NeuralUSD
Goal
Goal of the paper is the get precise control over objects in scenes. The authors present Neural Universal Scene Descriptor (USD), a XML-like format for each object, which encodes per object appearance, geometry and pose information about it. They formulate the task as conditional generation (Stable Diffusion V2.1), synthesizing an image from a USD.
Method
The USD mainly contains the following information Appearance: DinoV2 Geometry: Depth (could also use other information) Poses: 2D/3D bounding boxes -> MLP
Other information like CLIP features, Normals, PointClouds etc. can be integrated in the future.
Everything is then concatenated and projected to the correct token size using MLP.
Supervising the diffusion process with individual images leads to entanglement of conditioning signals: model uses only appearance and geometry, disregards pose encodings.

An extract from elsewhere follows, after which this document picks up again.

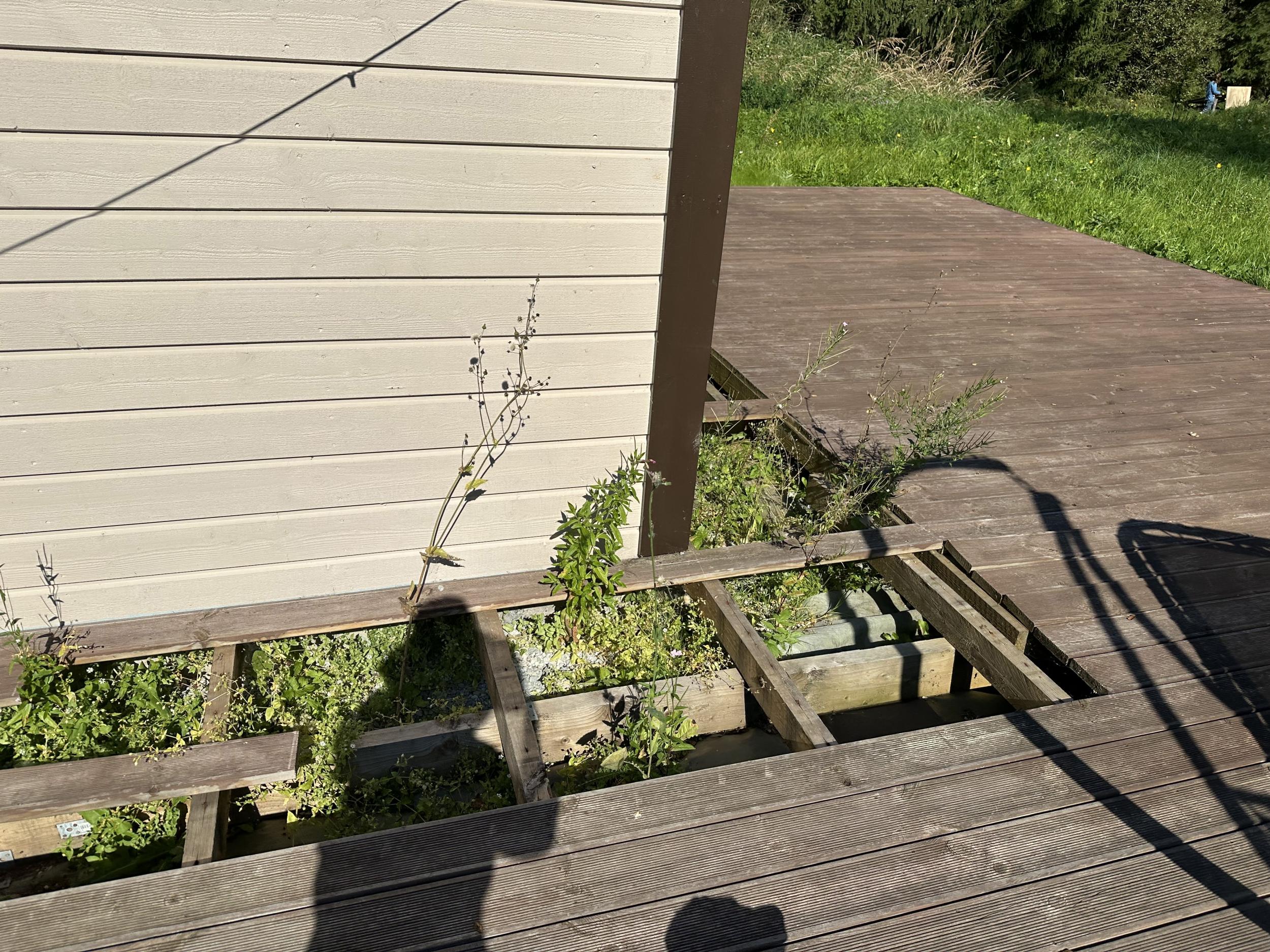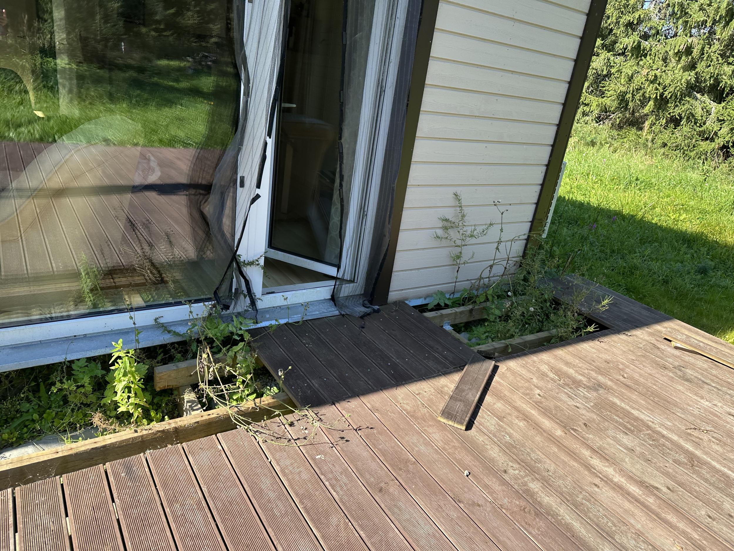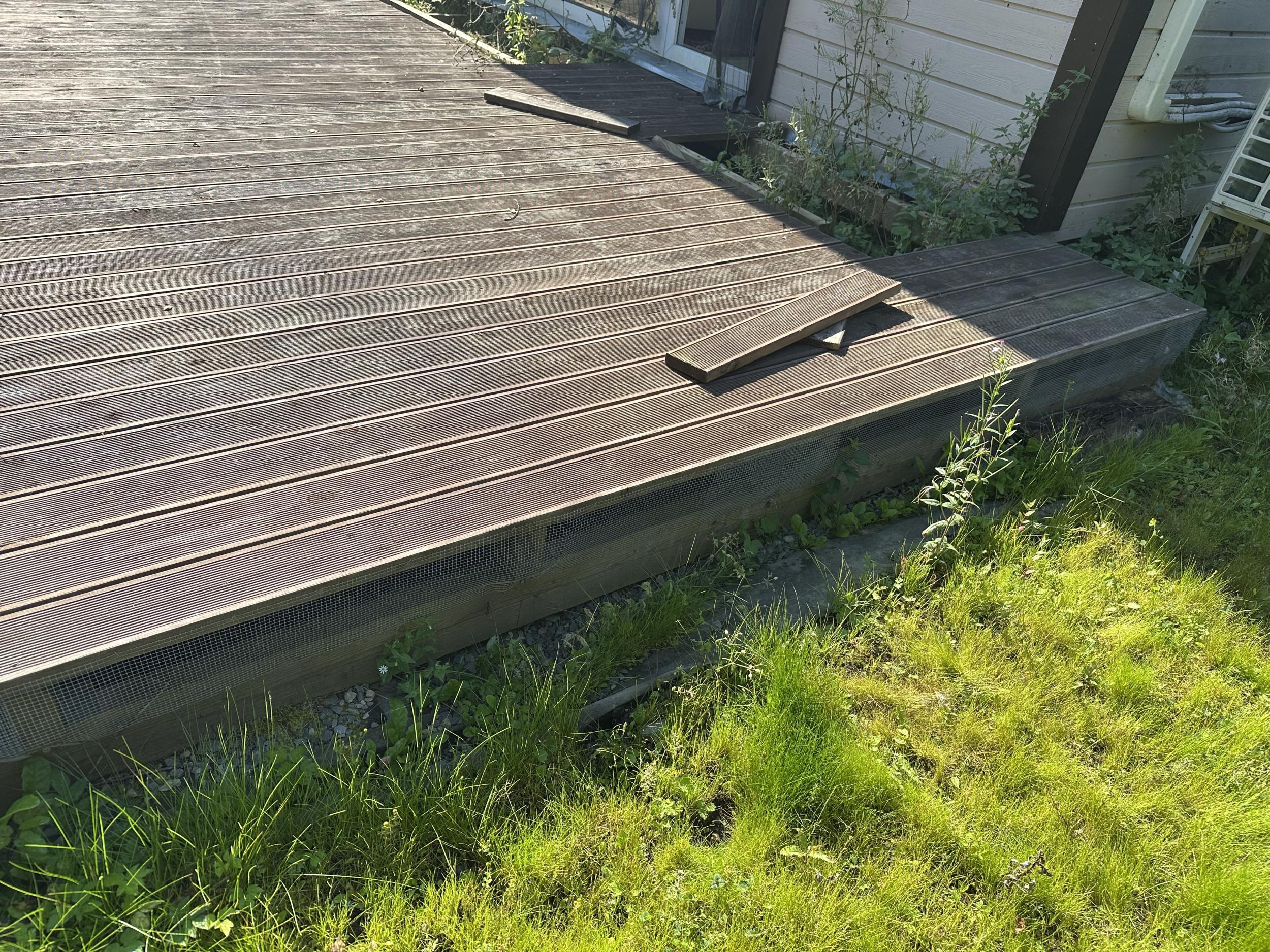 We needed to pull up the deck to protect mice from coming into the attic. Now we want it repaired and completed. Many boards need to be removed (see the video) and we need one side completed plus one step in front of the house. Would like it finished as well and protected from the winter.

Therefore they train on pairs of images (same scene, different viewpoints):
Src Image -> extract USD appearance and geometry features
Tgt Image -> extract USD object pose (2D/3D)
USD -> predict Tgt Image
Essentially you extract the appearance and geometry from source, and then you are supposed to render it form a different view (target).
To further disentangle the representation, they use modaility dropout similar to CFG (just zero out some of the information).
Results:

Thoughts:
- small quantiative eval. would be interested to see the disentanglemet - how can you measure that?
- not very detailed. what are the pose embeddings, how are they used? No code.